### What you should do:
Return the whole listing unchanged. Drop the images.

### Supplied information:
- - - - - - -

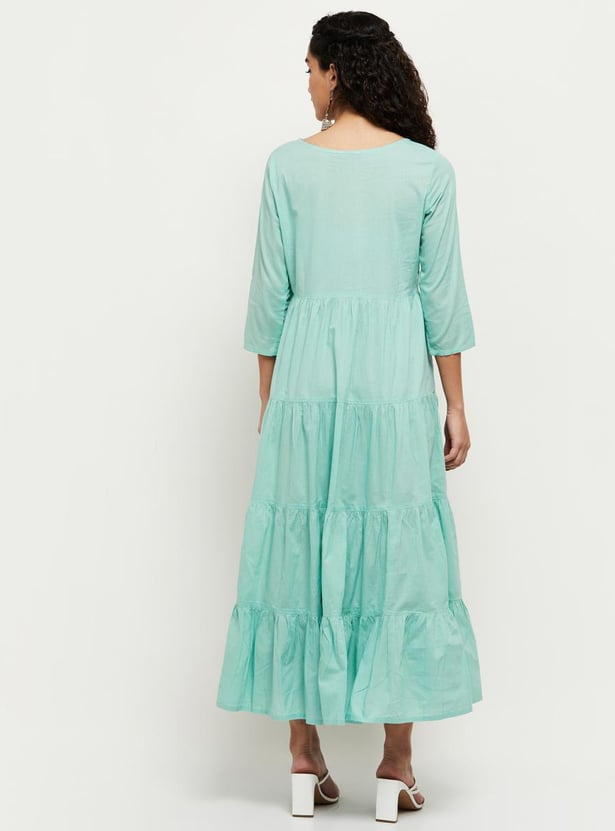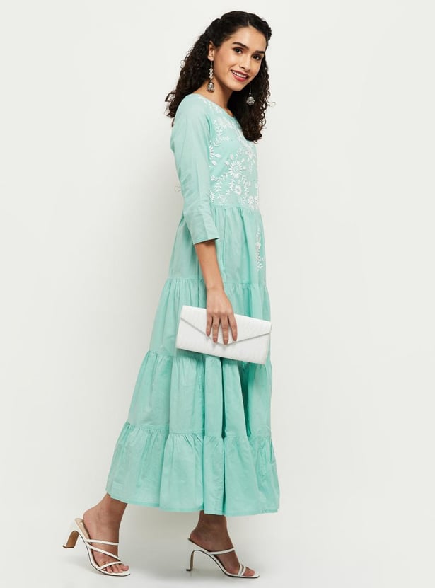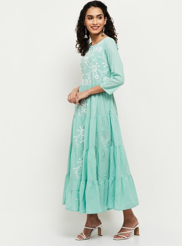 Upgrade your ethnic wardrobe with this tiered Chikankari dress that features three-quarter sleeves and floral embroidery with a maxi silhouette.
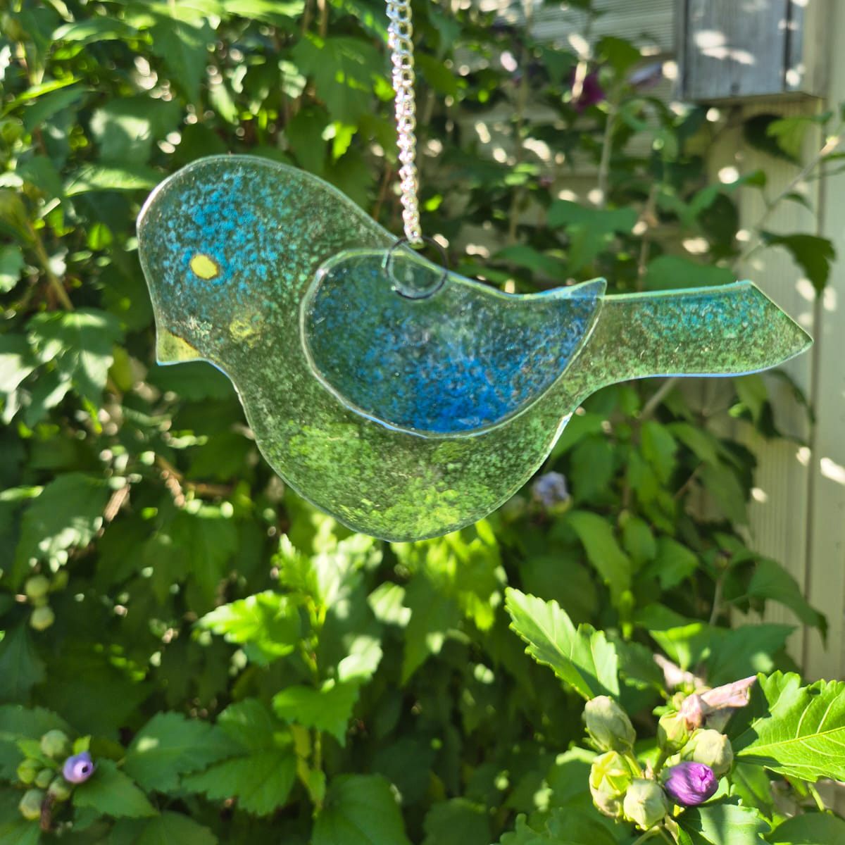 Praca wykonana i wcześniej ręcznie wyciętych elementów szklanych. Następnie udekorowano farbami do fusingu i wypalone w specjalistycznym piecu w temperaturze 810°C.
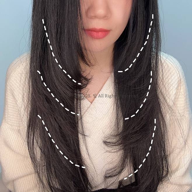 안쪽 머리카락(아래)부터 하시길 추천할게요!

- - - - - - -

### Result of this task:
 Upgrade your ethnic wardrobe with this tiered Chikankari dress that features three-quarter sleeves and floral embroidery with a maxi silhouette.
 Praca wykonana i wcześniej ręcznie wyciętych elementów szklanych. Następnie udekorowano farbami do fusingu i wypalone w specjalistycznym piecu w temperaturze 810°C.
 안쪽 머리카락(아래)부터 하시길 추천할게요!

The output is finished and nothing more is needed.